12-13 June, 2007 - Funchal, Madeira - Portugal
 
 

Workshop Program

 
In conjunction with the 9th International Conference on Enterprise Information Systems (ICEIS 2007)
 

Co-Chairs
Soraya Kouadri Mostéfaoui (primary contact)
Mobile Information Systems Laboratory
University of Applied Sciences of Western Switzerland, Fribourg
Bd. Pérolles 80, CP-32, CH-1700
Phone: (41) 26 429 68 37
Fax: (41) 26 300 97 31

Zakaria Maamar

College of ISs
Zayed University
P.O. Box 19282, Dubai U.A.E
Phone: (971) 4 2082 461
Fax: (971) 4 2640 854

George M. Giaglis
Dep. of Management Science and Technology
Athens University of Economics and Business (AUEB)
Evelpidon 47A & Lefkados 33, Office 907,
GR-11362 Athens, GREECE
Phone: (30) 210 8203682
Fax: (30) 210 8203685

Background and Goals
The development and availability of new computing and communication devices, and the increased connectivity between these devices, thanks to wired and wireless networks, are enabling new opportunities for people to perform their operations anywhere and anytime. Furthermore, due to the high acceptance rate of such devices by the user community, it is expected that these devices will become so pervasive that most users will take them for granted. Generally known as Ubiquitous Computing (UC), the vision of UC is to push computational services out of conventional desktop interfaces into environments characterized by transparent forms of interactivity.
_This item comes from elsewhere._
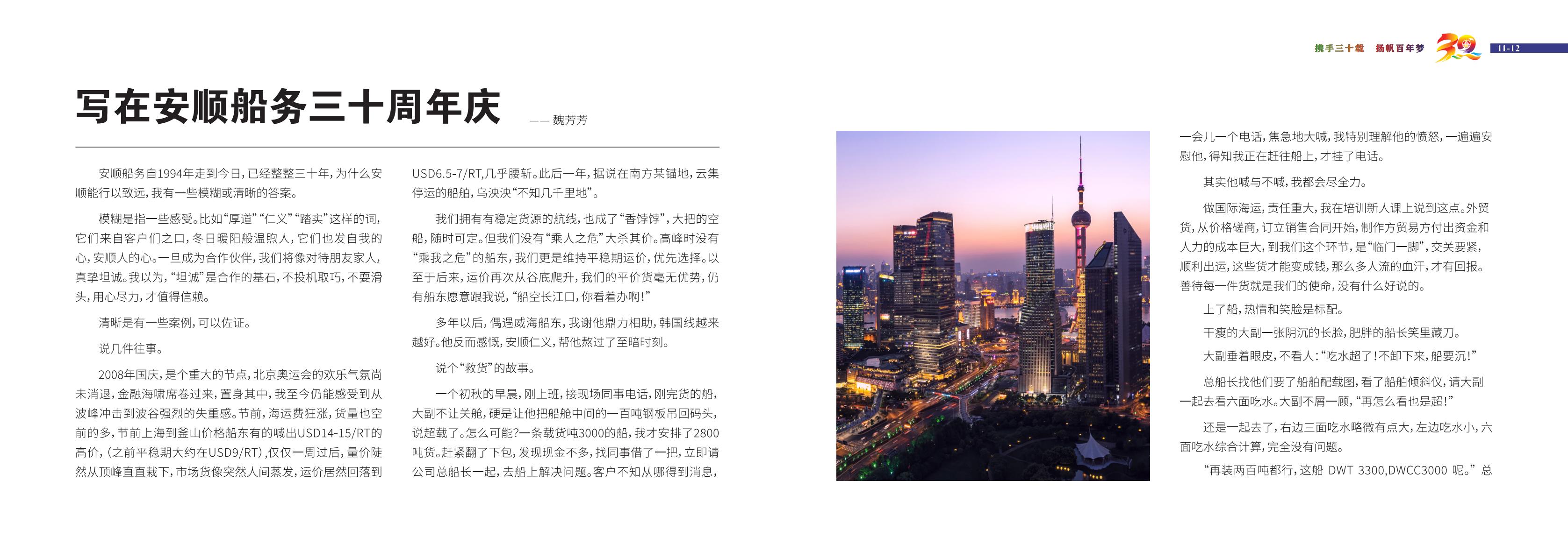 2024年10月,从中精心挑选的优秀征文寄语将在安顺内部电子刊物上精彩呈现。同时,我们还将汇总所有优秀作品印刷成册,作为安顺的企业文化记忆遗产,激励后来者继续前行,在追求卓越的道路上,不断扬帆远航,共筑百年辉煌之梦。

Despite the growing interest in UC, there is still some progress to be made before UC shifts from the research mode to the commercial and intensive use modes. The support technologies, however, are improving at an impressive pace. Most of the research and development activities are currently aimed at improving the devices themselves and the technologies these devices will use to communicate. At present, the main use of mobile devices is still voice-oriented, but several indicators show that this is changing. 3G networks (e.g., GPRS, UMTS) and recent development of communication and presentation protocols (e.g., XML, WAP) are being combined to give users a high-quality experience of data-centric services.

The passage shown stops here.